Swiss Re to acquire GE Insurance Solutions for USD 6.8 billion in a value creating transaction

18 Nov 2005

Swiss Re today announced it has agreed to acquire GE Insurance Solutions, the fifth largest reinsurer worldwide, from General Electric Company (GE) in a USD 6.8 billion transaction. This financially attractive acquisition adds a strong franchise to Swiss Re, complementing its own strengths. After the closing of the transaction, Swiss Re would have estimated combined revenues of CHF 46 billion (based on 2004 figures) and assets of CHF 265 billion (as of June 2005) and a highly diversified business globally.

Based in Kansas City, MO, USA, GE Insurance Solutions had net premiums earned of USD 6.2 billion in 2004 and total assets of USD 41.5 billion as of June 2005 (excluding GE Insurance Solutions’ US life and health business which will not be part of the transaction). GE Insurance Solutions brings to Swiss Re complementary products and skills and an attractive client base across many geographies.

“This is both strategically and financially a very attractive transaction that creates significant value for our shareholders,” said John Coomber, Swiss Re Chief Executive Officer. “The acquisition of GE Insurance Solutions provides a powerful business fit offering tremendous opportunities to strengthen our franchise.”

John Coomber continued: “Over the past several months, we and our advisors have undertaken a thorough due diligence review of GE Insurance Solutions, including its reserves. This will enable us to incorporate this business in line with our own reserve standards. Swiss Re expects the transaction to be accretive to earnings per share and return on equity, beginning in 2007, the first full year after closing.” (*)

Terms of the transaction

Under the terms of the transaction, Swiss Re will purchase GE Insurance Solutions for USD 6.8 billion, subject to closing adjustments. This represents 76 percent of the approximate USD 8.9 billion US GAAP book value (before reserve strengthening) of the businesses to be acquired. As part of this transaction GE has agreed that GE Insurance Solutions will provide approximately USD 3.4 billion pre-tax in additional reserves to the extent permitted by accounting rules. The consideration to be paid to GE will consist of cash, Swiss Re shares, Mandatory Convertibles and Notes. As a result, GE is expected to hold Swiss Re shares in excess of 10%.

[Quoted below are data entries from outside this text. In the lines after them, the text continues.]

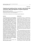 Neurosci Bull February 1, 2013, 29(1): 75–82. http://www.neurosci.cn DOI: 10.1007/s12264-013-1301-7 75 ·Original Article· Clustering and switching during a semantic verbal fluency test contribute to differential diagnosis of cognitive impairment Qianhua Zhao, Qihao Guo, Zhen Hong Department of Neurology, Huashan Hospital, Fudan University, Shanghai 200040, China Corresponding author: Qihao Guo. E-mail: dr.guoqihao@126.com © Shanghai Institutes for Biological Sciences, CAS and Springer-Verlag Berlin Heidelberg 2013 AbstrAct INtrODUctION The verbal fluency test (VFT) can be dissociated into “clustering” (generating words within subcategories) and “switching” (shifting between clusters), which may be valuable in differential diagnosis. In the current study, we investigated the validity of VFT in the differential diagnosis of Alzheimer’s disease (AD, n = 65), vascular dementia (VaD, n = 65), mild cognitive impairment (MCI, n = 92), and vascular cognitive impairment without dementia (VCIND, n = 76) relative to cognitively normal senior controls (NC, n = 374). We found that in the NC group, the total correct score was significantly correlated with age and education; males generated more subcategories; cluster size increased with education, and subcategory and switching decreased with age. A significantly progressive advantage was observed in VFT scores in the sequence NC > MCI/VCIND > AD/VaD, and this significantly discriminated dementia patients from the other groups. AD patients performed better in all four VFT scores than VaD patients. Subcategory and switching scores significantly distinguished AD from VaD patients (AD > VaD; mean difference, 0.50 for subcategory, P <0.05; 0.71 for switching, P <0.05). MCI patients scored higher than VCIND patients, but the difference did not reach statistical significance. These results suggest that semantic VFT is useful for the detection of MCI and VCIND, and in the differential diagnosis of cognitive impairment. The verbal fluency test (VFT) [1] is a widely-used neu- Keywords: Alzheimer’s disease; dementia; verbal fluency; mild cognitive impairment ropsychological test of language production, requiring participants to generate words in response to a cue. This requires the retrieval of lexically-associated words from long-term memory and involves high demands on frontallymediated strategic processes. The purpose of the VFT is to evaluate the spontaneous production of words beginning with a given letter or belonging to a given class in a limited amount of time. For category (semantic association) fluency, the participant is asked to produce as many items (e.g., animal, supermarket item, fruit, vegetable) as quickly as possible (in 60 or 30 s)[1]. The VFT is widely used in the diagnosis, efficacy assessment, and prognosis of many neurological disorders such as dementia, epilepsy, head trauma, central nervous system infection, and mental retardation. The VFT is time-saving (takes only a few minutes) and provides valuable information about semantic memory, executive function, naming, attention-shifting and sequencing. These functions involve cortical and subcortical structures, such as the frontal lobe, temporal lobe, and striatum[2]. The total number of correct words generated is most commonly used as the index of task performance. However, this index misses much of the information, and does not perform well in discriminating between dementia and cognitive impairment[3]. In addition to the total number of correct words generated, a qualitative analysis of the word sequence provides valuable information on the patient’s impaired cognitive components. Troyer, Moscovich and Winocur isolated two main components in VFT tasks: “clustering”, the ability 76 Neurosci Bull to produce words within phonetic and semantic subcategories; and “switching”, the ability to shift between clusters[3]. February 1, 2013, 29(1): 75–82 MEtHODs Clustering relies more on temporal lobe functions such as Participants word storage and semantic memory, while switching relies Five groups of participants were recruited: patients with AD, more on frontal lobe functions such as sorting and atten- VaD, MCI, VCIND, and cognitively normal controls (NC). tion-shifting[3,4]. Participants were consecutively selected from the Memory Previous studies reported that the neuropsychological Clinic of Huashan Hospital from 2008 to 2010. Normal deficits of Alzheimer’s disease (AD) are characterized by controls were obtained by random group sampling from the a breakdown in the organization and structure of semantic community. The inclusion criteria were: (1) fluency in Man- knowledge and impairments in executive function[5]. Vas- darin, (2) aged between 55 and 85 years, (3) underwent cular dementia (VaD), the second most common cause of physical, neurological, and neuropsychological evaluations, dementia, is characterized by subcortical dysfunction[6]. (4) underwent neuroimaging (magnetic resonance imaging Whether the VFT can differentiate between subtypes of or computed tomography) when indicated; and (5) good dementia has been widely studied[5-8]. Canning reported compliance and written informed consent. The exclusion that the total correct number of responses on the letter flu- criteria were: (1) diagnosis of depression or anxiety in the ency test was helpful in differentiating VaD from AD in a rel- past month, and (2) having visual or hearing problems. All atively small sample[9], but this test cannot be directly used in a Mandarin-speaking Chinese population. Besides, few studies have investigated whether clustering and switching can discriminate between AD and VaD. Mild cognitive impairment (MCI) and vascular cognitive impairment without dementia (VCIND) have been reported to represent preclinical stages and are potential treatment targets[10,11]. Murphy et al. reported that patterns of verbal fluency performance in amnestic MCI patients are characteristic of AD[12]. T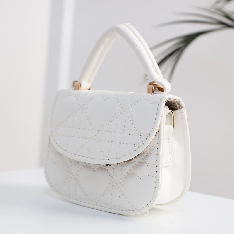 اللون: لون أبيض نقي، يناسب جميع الأزياء والمناسبات ويمنح الحقيبة مظهراً ناعماً وأنيقاً.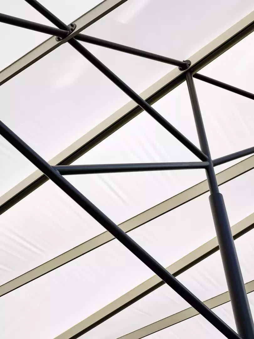 L'installation spécifique de la membrane, qui privilégie une tension torsadée plutôt qu'une tension plane, a largement contribué à la conception du système d'ombrage.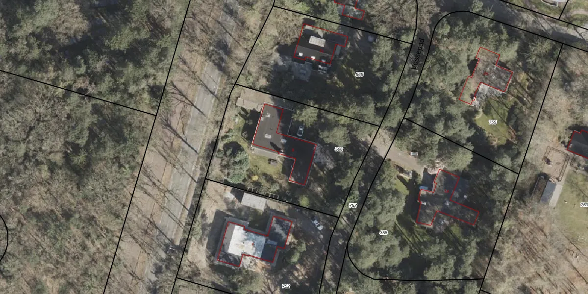 Het perceel waarop Vossepad 9 staat heeft een oppervlakte van 1663 m². Dit is een zeer groot perceel. De perceeloppervlakte wordt geregistreerd door het Kadaster. Gedetailleerde informatie over de maten van dit perceel kunt u vinden in het rapport Kadastrale kaart met maatvoering van Vossepad 9.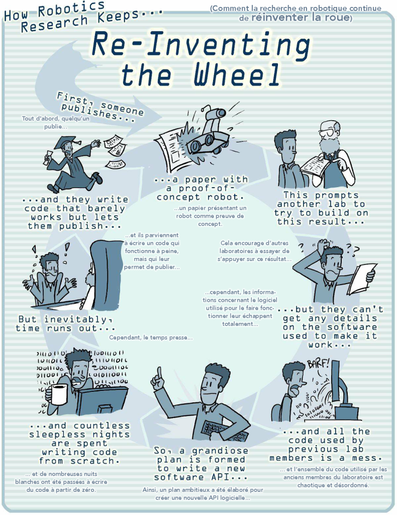 Au fil du temps, le ROS (rebaptisé ainsi par Willow Garage en référence à la pile logicielle inspirée par Berger-Wyrobek-Koenig) et les activités de relations publiques sont devenus la principale préoccupation de Willow Garage, impliquant des investissements de plusieurs millions de dollars. Ces ressources considérables ont clairement contribué à la croissance rapide de ROS, notamment en soutenant financièrement une formidable équipe d’ingénieurs. Cependant, il y avait déjà une poignée de projets source ouverte pour la robotique à l’époque, y compris Player/Stage (Gerkey et al, 2003), la boîte à outils de navigation Carnegie Mellon (CARMEN) (Montemerlo et al, 2003), Microsoft Robotics Studio (Jackson, 2007), OROCOS (Bruyninckx, 2001), YARP (Metta et al, 2006), et plus récemment le Lightweight Communications and Marshalling (LCM) (Huang et al, 2010), ainsi que d’autres systèmes (Kramer and Scheutz, 2007). Ces systèmes offrent des interfaces communes permettant le partage et la réutilisation de code, mais ils n’ont pas connu le même niveau de succès durable que ROS. L’argent seul ne pouvait pas garantir le succès de ROS; il avait besoin d’une communauté solide pour prospérer.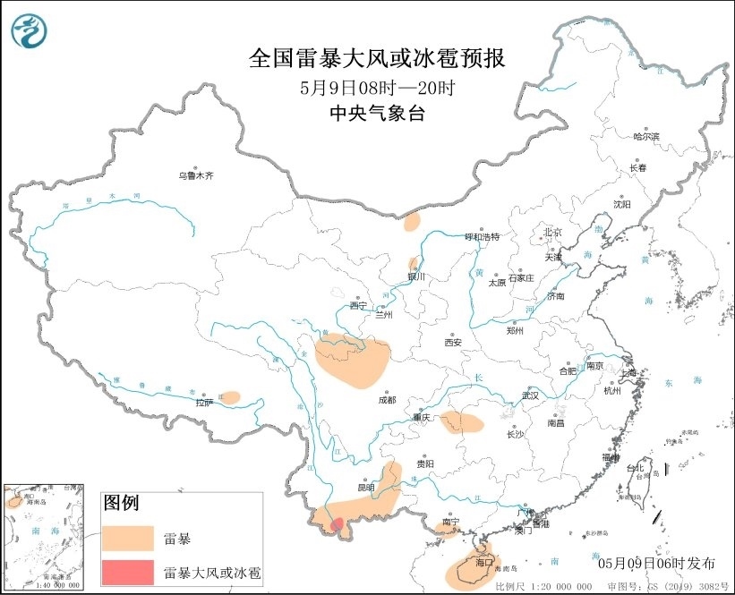 預計5月9日08時至10日08時,云南西南部、海南島東北部和西南部等地的部分地區(qū)將有短時強降水天氣,小時雨量20-30毫米,局地可達50毫米以上;另外,云南西南部局地將有雷暴大風或冰雹天氣。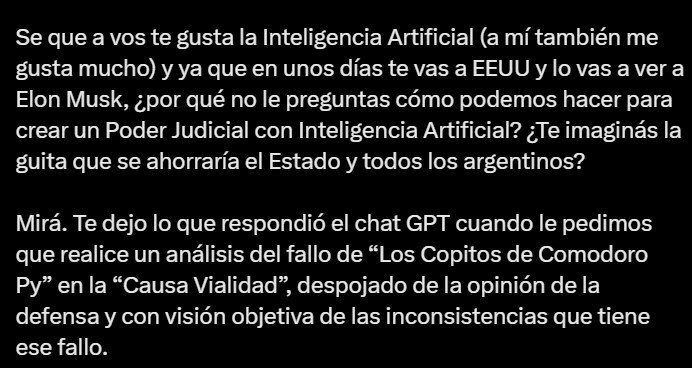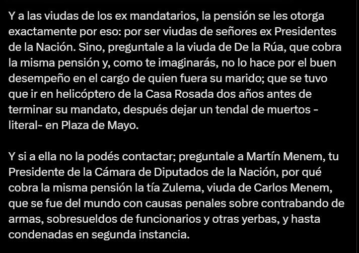 En esa línea, CFK mandó a Milei a preguntarle a la viuda del expresidente Fernando De la Rúa, Inés Pertiné, quien cobra la misma pensión más allá de que su marido «se tuvo que ir en helicóptero de la Casa Rosada dos años antes de terminar su mandato, después dejar un tendal de muertos –literal– en Plaza de Mayo», o a Zulema Menem, que cobra la pensión de su marido Carlos Menem que, «se fue del mundo con causas penales sobre contrabando de armas, sobresueldos de funcionarios y otras yerbas», puntualizó. Zulemita Menem salió a responderle con un tweet en el que confirmó que su madre cobra la pensión y enumeró una serie de causas judiciales que tuvo su padre que, al igual que CFK, en ninguna tiene sentencia firme.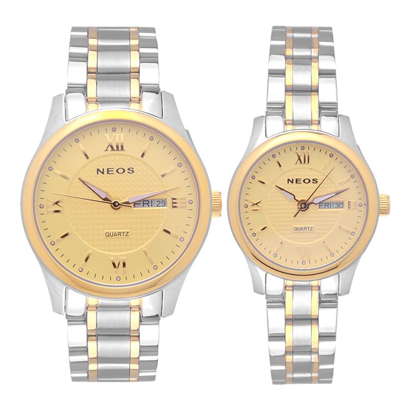 Đồng Hồ Cặp Neos N-30869 Dây Thép Bạc Phối Vàng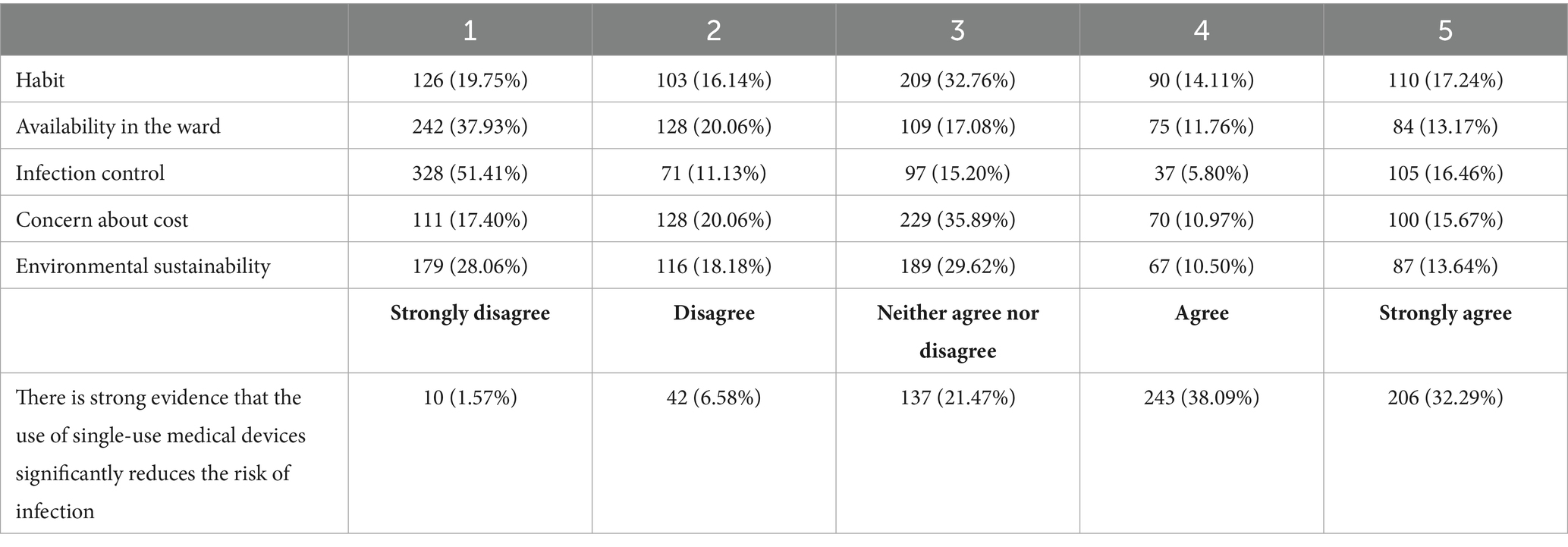 Preferences regarding single-use versus reusable medical devices are summarized in Table 3. About 27.27% preferred reusable devices, 27.74% favored single-use devices, and 22.57% had no preference. Among the factors influencing this choice, 51.41% cited infection control as highly important, 37.93% mentioned availability in the department, 35.89% considered cost moderately relevant, and environmental sustainability was rated as very influential by 28.06% and moderately influential by 29.62% of respondents. In addition, 70.38% agreed that single-use devices reduce the risk of infection.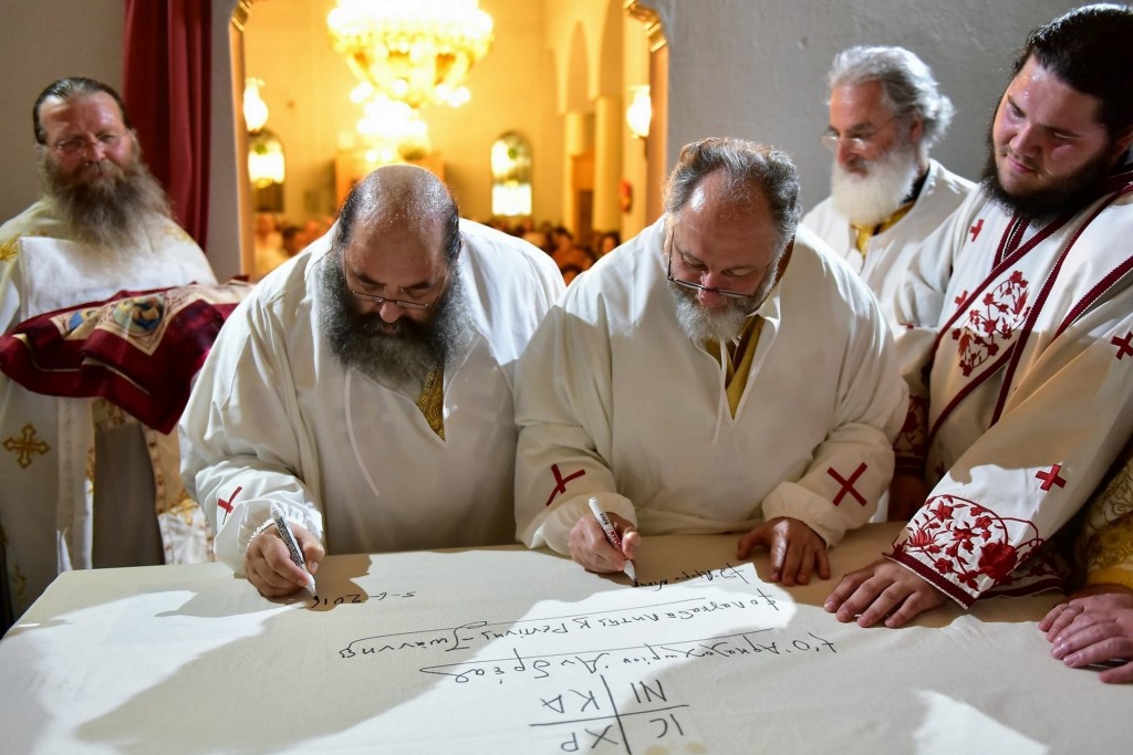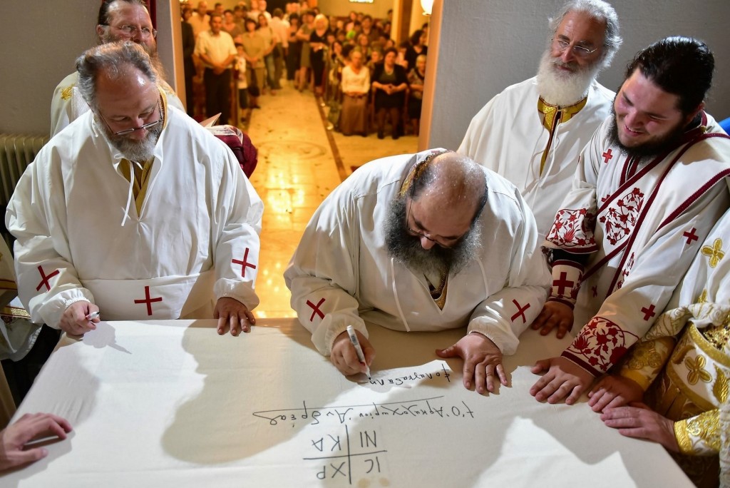 Της Ακολουθίας των Εγκαινίων προεξήρχε ο Σεβασμιώτατος Μητροπολίτης Αρκαλοχωρίου, Καστελλίου και Βιάννου κ. κ. Ανδρέας, συμπαραστούμενος του Θεοφιλεστάτου Επισκόπου Αμορίου κ.κ. Νικηφόρου και του επιχώριου Μητροπολίτου Λαγκαδά, Λητής και Ρεντίνης κ.κ. Ιωάννου. Πλήθος κόσμου παρέστη συμπροσευχόμενο στο σπουδαίο αυτό γεγονός για την επαρχίας μας, μεταξύ αυτών και οι Βουλευτές της Ν.Δ. κ. Θεόδωρος Καράογλου και των Αν.Ελλ. κ. Γεώργιος Λαζαρίδης, εκπρόσωποι της Δημοτικής Αυτοδιοικήσεως και της Τοπικής Κοινότητος, του Στρατού Ξηράς, του Ναυτικού και των Σωμάτων Ασφαλείας, καθώς επίσης και των Πολιτιστικών Φορέων της περιοχής οι οποίοι και ήταν ενδεδυμένοι με τις παραδοσιακές φορεσιές της περιοχής.

Also under the terms of the agreement, Dennis D. Dammerman, Vice Chairman of the Board of GE, will stand for election to the Board of Directors of Swiss Re at the Extraordinary General Meeting to be held in January 2006.

Jacques Aigrain, who will succeed John Coomber as CEO of Swiss Re on 1 January 2006, added, “This transaction further enhances our client base and our product capabilities in attractive lines of business. Together, Swiss Re and GE Insurance Solutions will offer clients the security of the world’s largest and most diversified reinsurance provider. GE’s retention of an equity interest in our combined reinsurance business is a strong endorsement of our business expertise and strategy.”

“Over the past five years, we have fundamentally repositioned GE Insurance Solutions’ business,” said Jeffrey R. Immelt, CEO of GE. “We believe that Swiss Re, with its reinsurance focus and its proven track record of successfully integrating acquired businesses, is ideally positioned to develop GE Insurance Solutions’ business further for the benefit of clients and GE’s shareholders.”

Transaction financing

In connection with the transaction, Swiss Re plans to raise up to USD 7.5 billion (CHF 9.8 billion) in new capital. This includes up to USD 5.5 billion (CHF 7.2 billion) in shares and Mandatory Convertibles of which GE has agreed to take, based on certain provisions of the acquisition agreement, USD 3.0 to 3.8 billion (CHF 3.9 to 4.9 billion). Swiss Re also plans to raise USD 2.0 billion (CHF 2.6 billion) in hybrid debt securities.

The shares to GE will be issued without subscription rights to existing shareholders. In addition, Swiss Re plans to offer shares through a rights offering and Mandatory Convertibles to the capital markets. The actual mix of these securities will be determined based on market conditions. Exact terms will be announced at the time of these offerings.

Approvals and timing

Both the creation of authorised capital and the increase of conditional capital in connection with this transaction will be subject to shareholder approval at the Extraordinary General Meeting to take place in January 2006.

Closing of the transaction is subject to regulatory approvals and other customary contractual closing conditions. Closing is expected to occur by mid 2006.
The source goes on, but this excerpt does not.